── LISTED ENTRIES
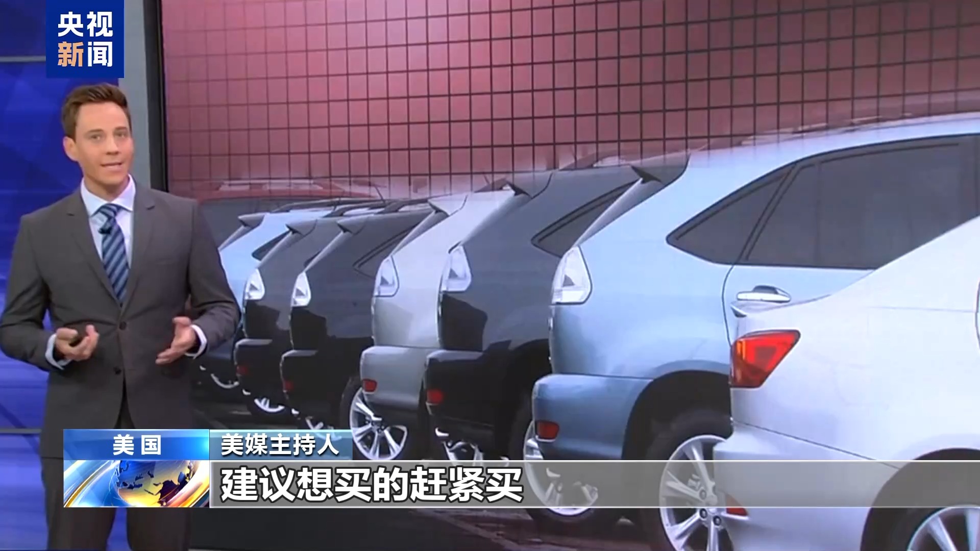 美媒主持人:我們先從汽車說起,建議想買的趕緊買。目前美國對所有非美國組裝的車輛征收25%關稅,這類車輛占市場總量的46%。但請注意,美國本土組裝的汽車同樣會漲價,因為這些車輛的部分零部件產自海外,而零部件也面臨關稅。
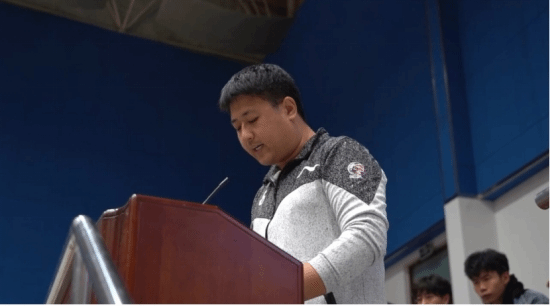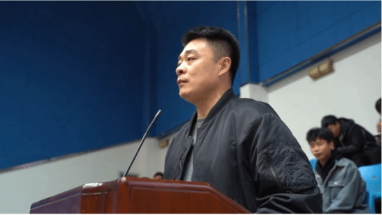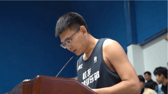 物流管理系2024级邵子昂同学作为学生代表发言,表达了对篮球运动的热爱和对校友、师生的感激之情,并承诺将全力以赴,为比赛贡献自己的力量。
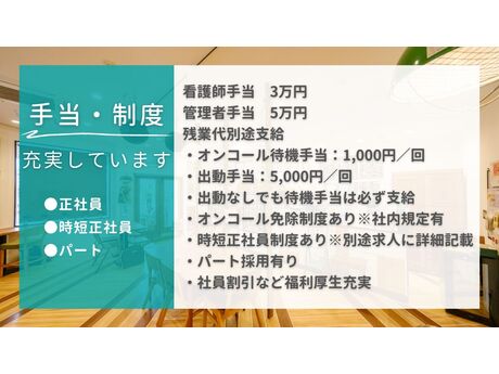 管理者手当・オンコール手当・出動手当あり(待機のみでも支給)
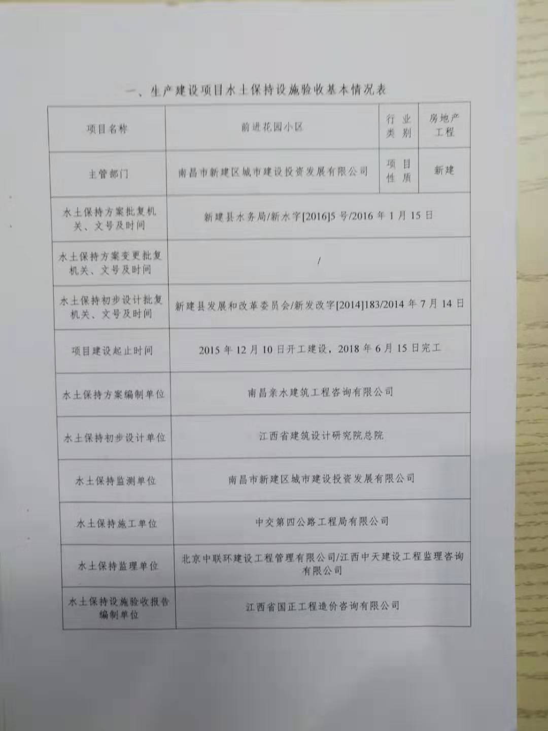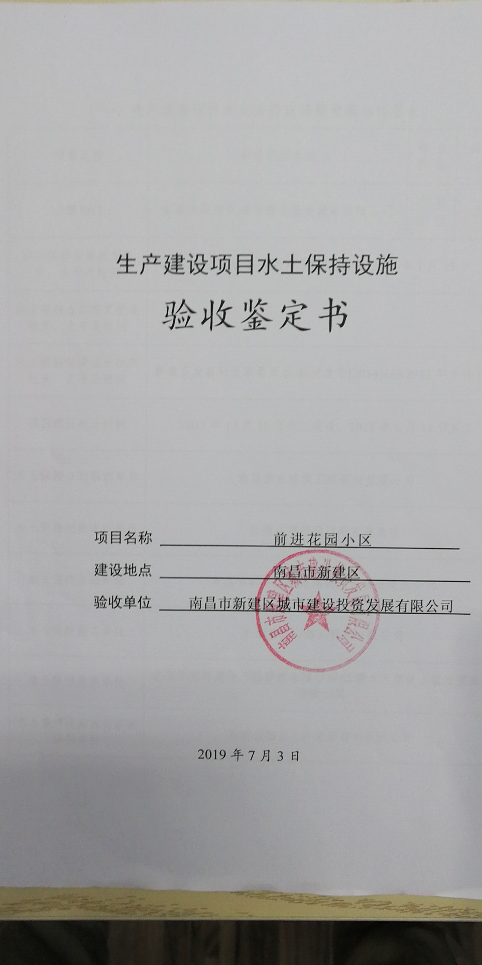 根据《水利部关于加强事中事后监管规范生产建设项目水土保持设施自主验收的通知》(水保[2017]365 号),南昌市新建区城市建设投资发展有限公司于2019年07月11日在新建区主持召开了前进花园小区项目水土保持设施验收会议,参加验收会议的有建设单位兼水土保持监测单位南昌市新建区城市建设投资发展有限公司、水土保持方案编制单位南昌亲水建筑工程咨询有限公司、水土保持监理单位北京中联环建设工程管理有限公司、江西中天建设工程监理有限公司和施工单位中交第四公路工程局有限公司,会议成立了评审组(名单附后)。
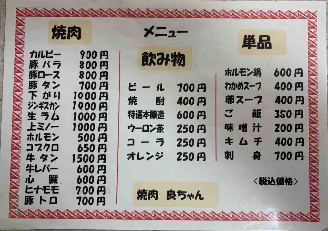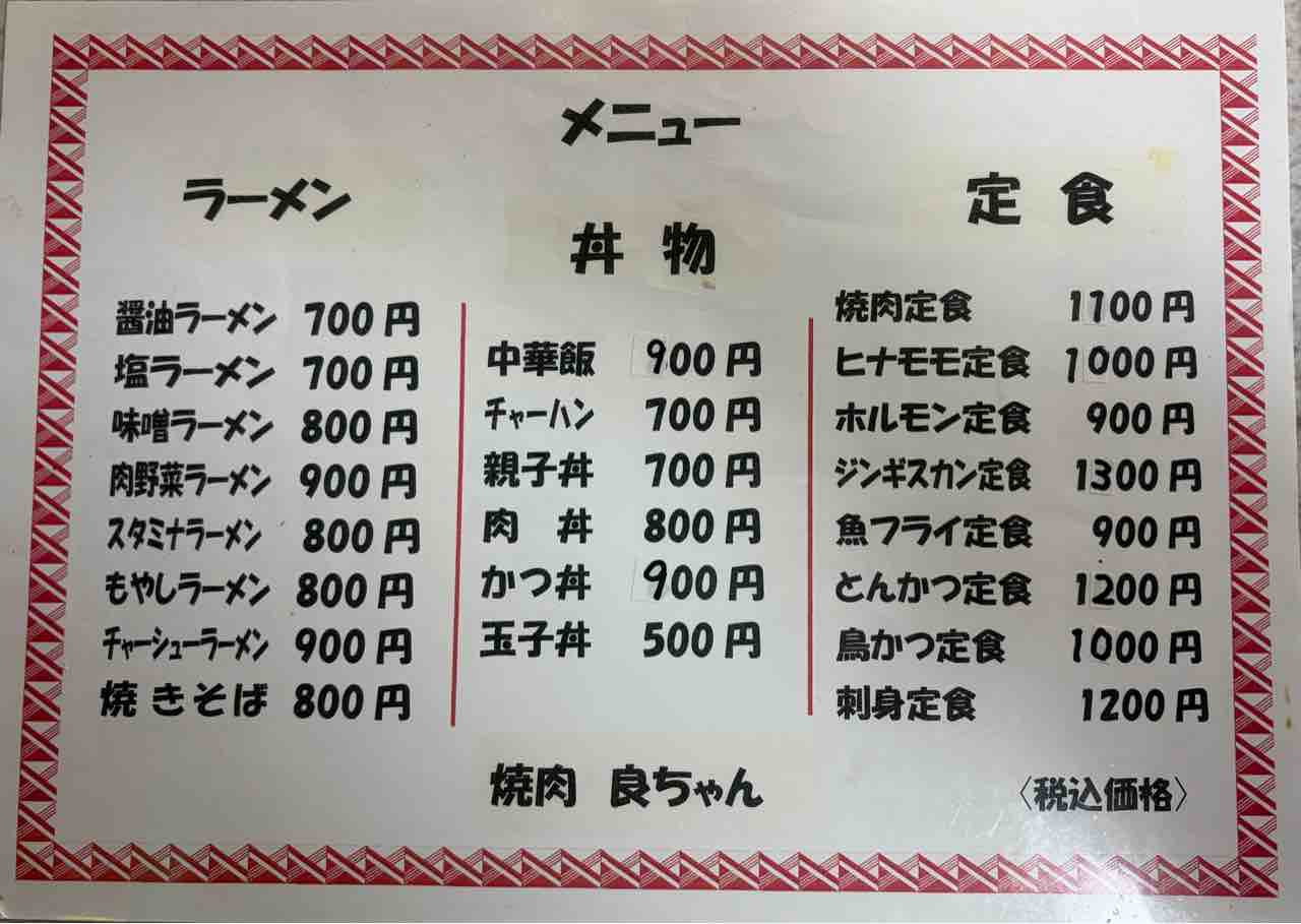 久しぶりに訪れた 焼肉•ラーメン良ちゃん。大将元気にしているかな そんな事を思いつつ入店します
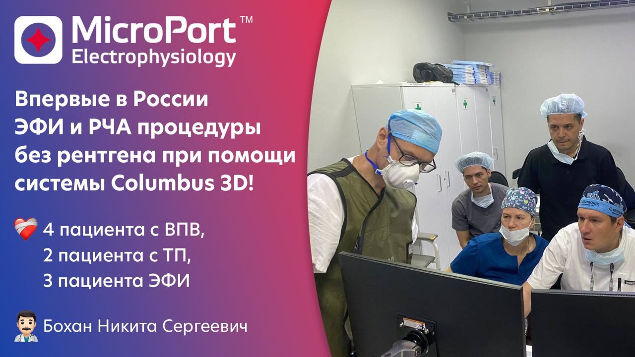 Впервые в России ЭФИ и РЧА процедуры без рентгена при помощи системы Columbus 3D
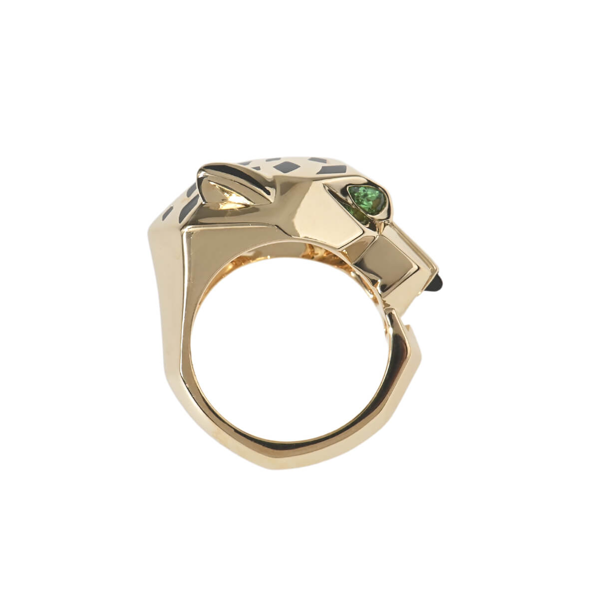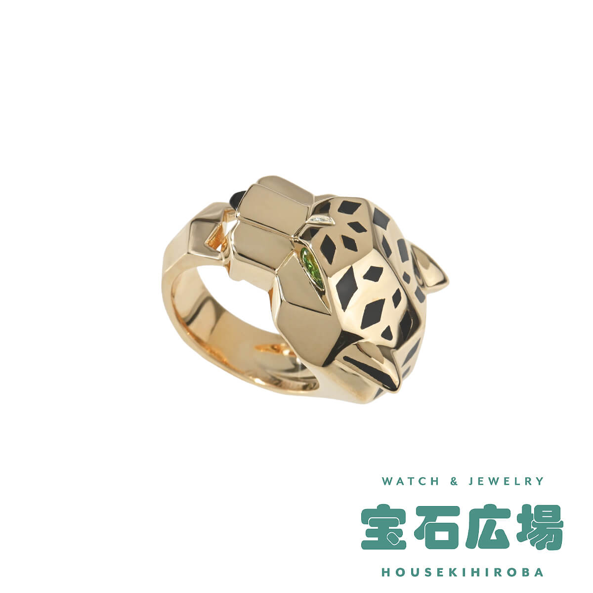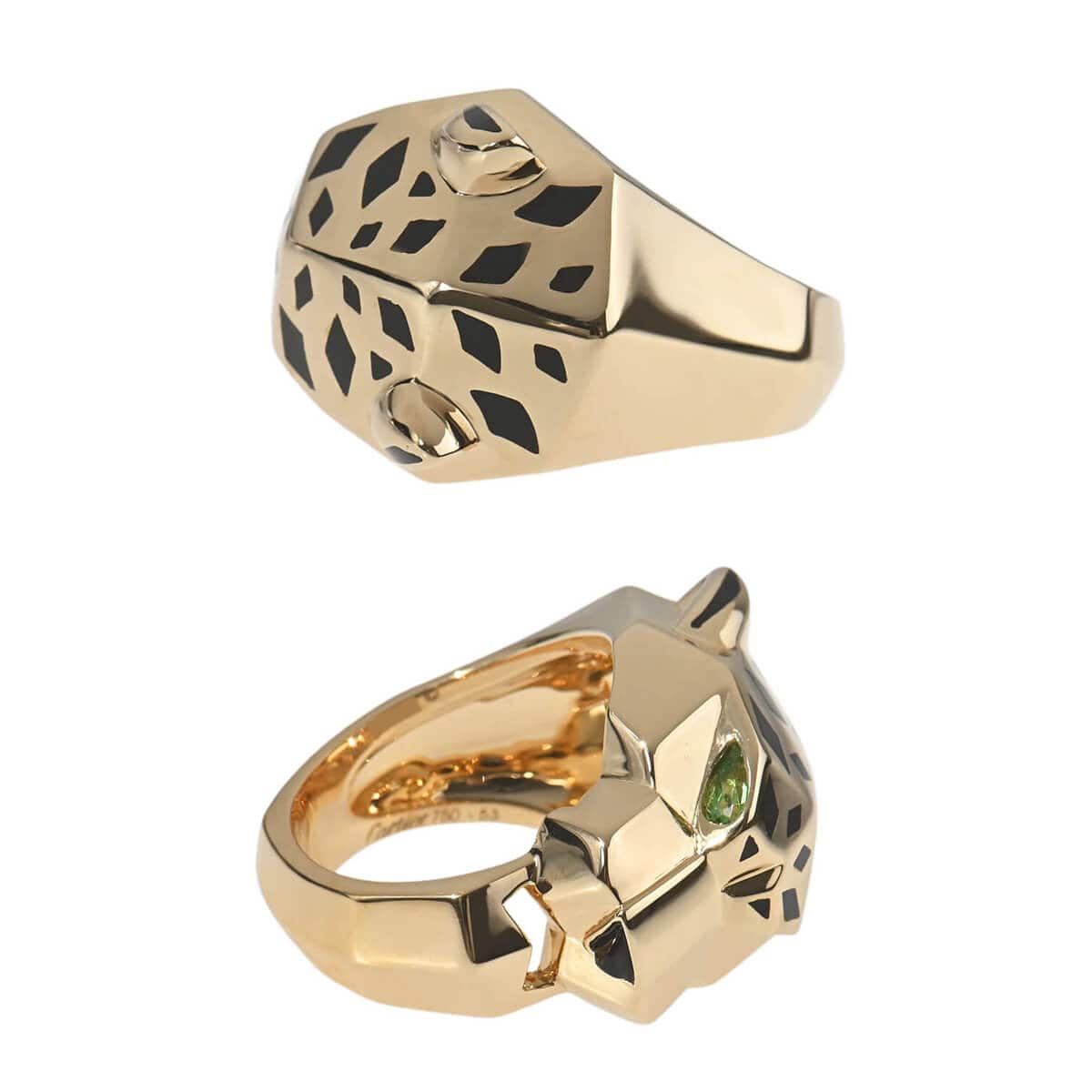 『Cartier(カルティエ)』のアイコン「パンテール」は、1914年にルイ・カルティエがこのネコ科の動物をカルティエ流にアレンジしたのが始まり。それをオート・ジョワイユ(特注宝石製作)界に君臨し、その世界に大きな影響を与えたジャンヌ・トゥーサンが引き継ぎ、この伝説の動物を壮麗なモチーフに仕上げ、メゾンの美学を体現していきました。以来ずっとパンテールは、獲物を捕らえたり、茶目っ気を見せたり、物憂げな様子だったりと、コレクションの変遷に合わせてその野性味あふれる多様な個性をあらわにしています。鼻にはオニキス、目にはグリーンが際立つツァボライトをあしらった“パンサー(豹)”がデザインされた、イエローゴールド製リング。ブラックラッカーで表現された斑点が際立つ、ゴールドで形づくられた美しく凛々しいフォルムのパンサーが、指にぴったりと寄り添います。まさにカルティエの芸術性を具現化している、ひとめ見てカルティエとわかる美しいハイジュエリーです。
────
__EXERCISE DESCRIPTION__. Copy each line above exactly. Images do not belong in the copy.

__ANSWER__.
 美媒主持人:我們先從汽車說起,建議想買的趕緊買。目前美國對所有非美國組裝的車輛征收25%關稅,這類車輛占市場總量的46%。但請注意,美國本土組裝的汽車同樣會漲價,因為這些車輛的部分零部件產自海外,而零部件也面臨關稅。
 物流管理系2024级邵子昂同学作为学生代表发言,表达了对篮球运动的热爱和对校友、师生的感激之情,并承诺将全力以赴,为比赛贡献自己的力量。
 管理者手当・オンコール手当・出動手当あり(待機のみでも支給)
 根据《水利部关于加强事中事后监管规范生产建设项目水土保持设施自主验收的通知》(水保[2017]365 号),南昌市新建区城市建设投资发展有限公司于2019年07月11日在新建区主持召开了前进花园小区项目水土保持设施验收会议,参加验收会议的有建设单位兼水土保持监测单位南昌市新建区城市建设投资发展有限公司、水土保持方案编制单位南昌亲水建筑工程咨询有限公司、水土保持监理单位北京中联环建设工程管理有限公司、江西中天建设工程监理有限公司和施工单位中交第四公路工程局有限公司,会议成立了评审组(名单附后)。
 久しぶりに訪れた 焼肉•ラーメン良ちゃん。大将元気にしているかな そんな事を思いつつ入店します
 Впервые в России ЭФИ и РЧА процедуры без рентгена при помощи системы Columbus 3D
 『Cartier(カルティエ)』のアイコン「パンテール」は、1914年にルイ・カルティエがこのネコ科の動物をカルティエ流にアレンジしたのが始まり。それをオート・ジョワイユ(特注宝石製作)界に君臨し、その世界に大きな影響を与えたジャンヌ・トゥーサンが引き継ぎ、この伝説の動物を壮麗なモチーフに仕上げ、メゾンの美学を体現していきました。以来ずっとパンテールは、獲物を捕らえたり、茶目っ気を見せたり、物憂げな様子だったりと、コレクションの変遷に合わせてその野性味あふれる多様な個性をあらわにしています。鼻にはオニキス、目にはグリーンが際立つツァボライトをあしらった“パンサー(豹)”がデザインされた、イエローゴールド製リング。ブラックラッカーで表現された斑点が際立つ、ゴールドで形づくられた美しく凛々しいフォルムのパンサーが、指にぴったりと寄り添います。まさにカルティエの芸術性を具現化している、ひとめ見てカルティエとわかる美しいハイジュエリーです。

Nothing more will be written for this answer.